DistributedDataParallel slows down training with big fully connected layers

When I launch the following script with the torch.distributed.launch utilility on a 2 GPUs machine, I get a much slower (10x) training than when I launch it on a single GPU.

I realized that it seems to come from the big fully connected layer at the end of the network (130000x1024), and I suppose it is because the gradients that need to be synchronized at each iteration represent a big amount of memory.
I profiled the code with Nvidia Nsight Systems and saw that there is a call to ncclAllReduceRingLLKernel_sum_f32 that takes approximately 500 ms each iteration.

Is this expected behaviour with this kind of network? Or am I doing something wrong?

import torch
import torch.nn as nn
import argparse
from torch.nn.parallel import DistributedDataParallel as DPP
import torch.nn.functional as F
from tqdm import tqdm

class Discriminator(nn.Module):
    def __init__(self):
        super(Discriminator, self).__init__()

        in_channels = 3
        out_channels = 64
        depth = 7

        m_features = [
            nn.Conv2d(in_channels, out_channels, 3, padding=1),
        for i in range(depth):
            in_channels = out_channels
            if i % 2 == 1:
                stride = 1
                out_channels *= 2
                stride = 2
                in_channels, out_channels, 3, padding=1, stride=stride,

        self.features = nn.Sequential(*m_features)

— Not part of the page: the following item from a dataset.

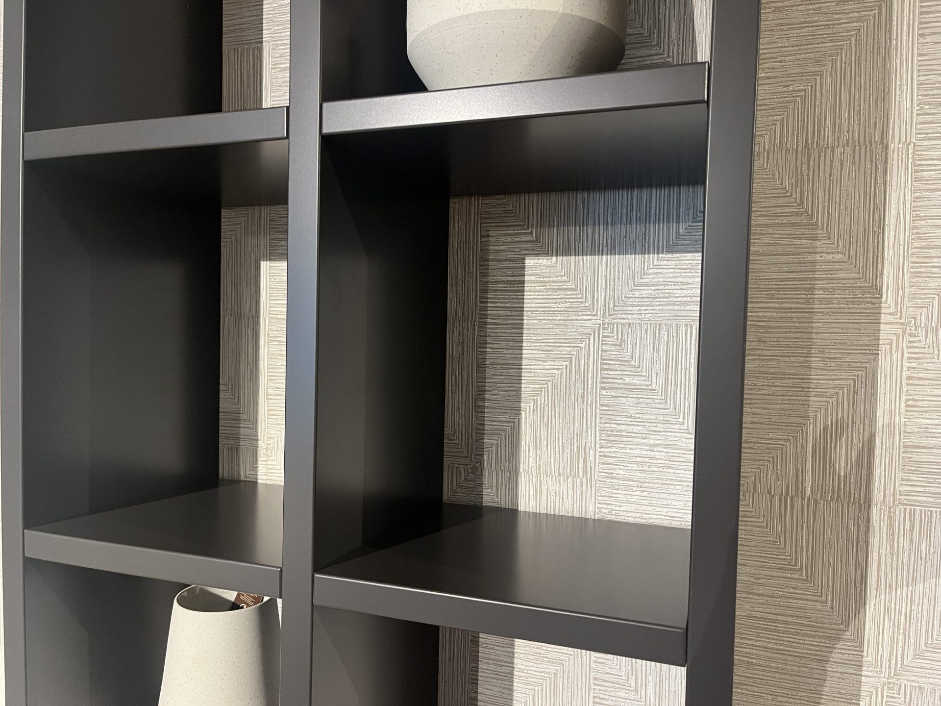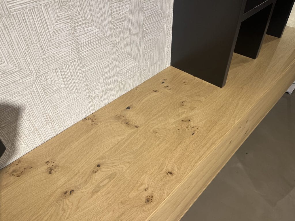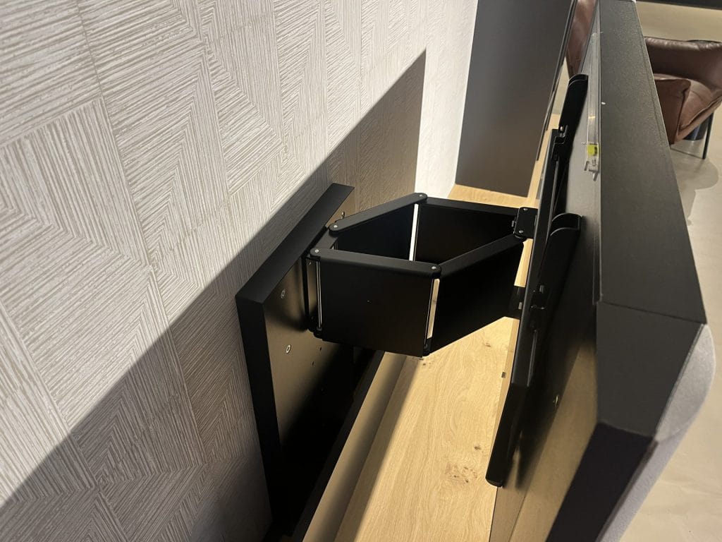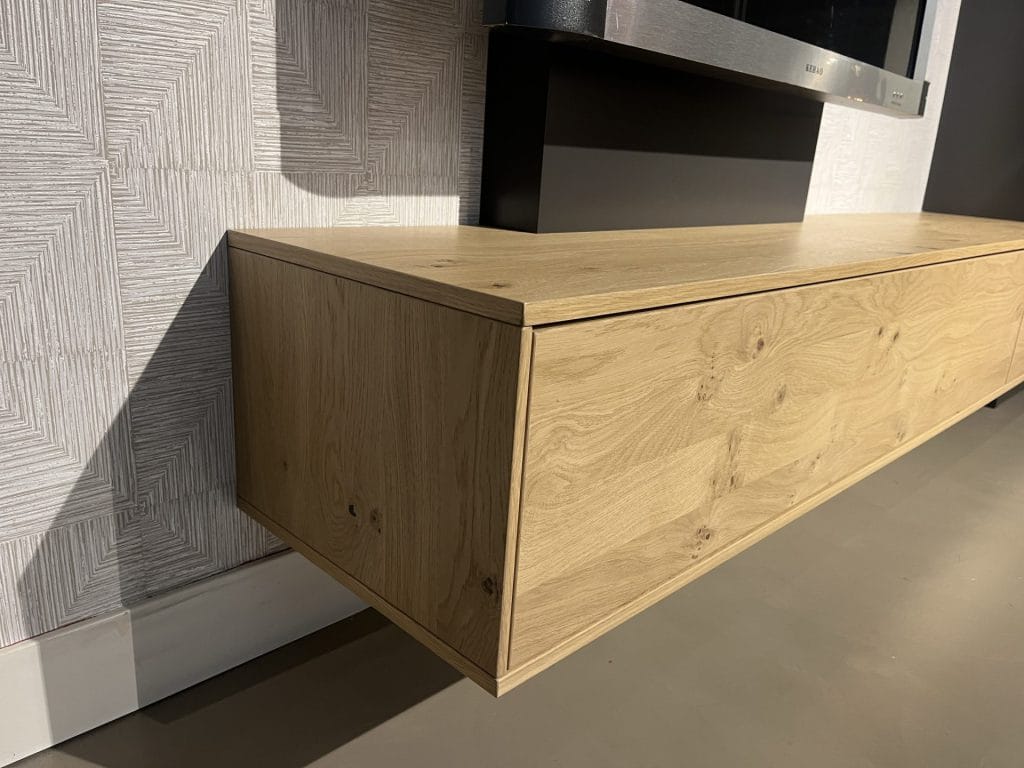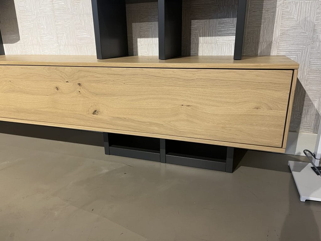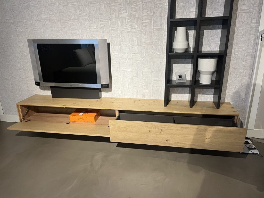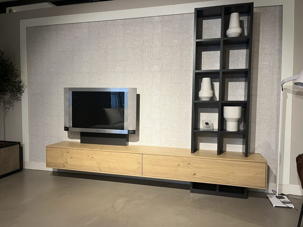 Dit prachtige wandmeubel combineert een tv dressoir van genoest eiken met een grafiet gelakte boekenkast. De uittrekbare tv houder en deuren met push-to-open mechanisme voegen gemak toe aan het gebruik van het meubel.
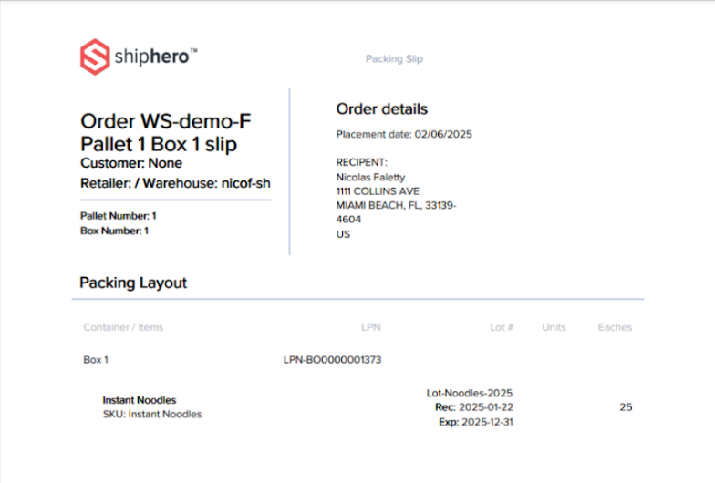 The main difference when receiving an order through SPS is how the labels are generated and the format they are printed in. With EDI-SPS orders the labels are generated on the EDI-SPS platform when the generate labels button is clicked vs. the native pallet/carton label generation within ShipHero.

        patch_size = 256 // (2 ** ((depth + 1) // 2))
        m_classifier = [
            nn.Linear(out_channels * patch_size ** 2, 1024),
            nn.LeakyReLU(negative_slope=0.2, inplace=False),
            nn.Linear(1024, 1)
        self.classifier = nn.Sequential(*m_classifier)

    def forward(self, f0):
        features = self.features(f0)
        output = self.classifier(features.view(features.size(0), -1))

        return output

torch.backends.cudnn.enabled = True  # make sure to use cudnn for computational performance

parser = argparse.ArgumentParser()
parser.add_argument("--local_rank", type=int, default=0)

args = parser.parse_args()

def train(rank, world_size):

    if world_size > 1:
        torch.distributed.init_process_group("nccl", init_method="env://", rank=rank, world_size=world_size)

    discriminator = Discriminator()
    optimizer = torch.optim.Adam(

    # -- Initialize model for distributed training --
    if torch.cuda.device_count() > 1:
        discriminator = DPP(discriminator, device_ids=[rank])

    frame = torch.rand((1, 3, 256, 256), device=f"cuda:{rank}")
    d_01 = discriminator(frame)

    label_01 = torch.zeros_like(d_01)

    for i in tqdm(range(30)):

        # - Compute loss -
        d_01 = discriminator(frame)
        loss = F.binary_cross_entropy_with_logits(d_01, label_01)


def main():
    world_size = torch.cuda.device_count()

    with torch.autograd.profiler.emit_nvtx():
        train(args.local_rank, world_size)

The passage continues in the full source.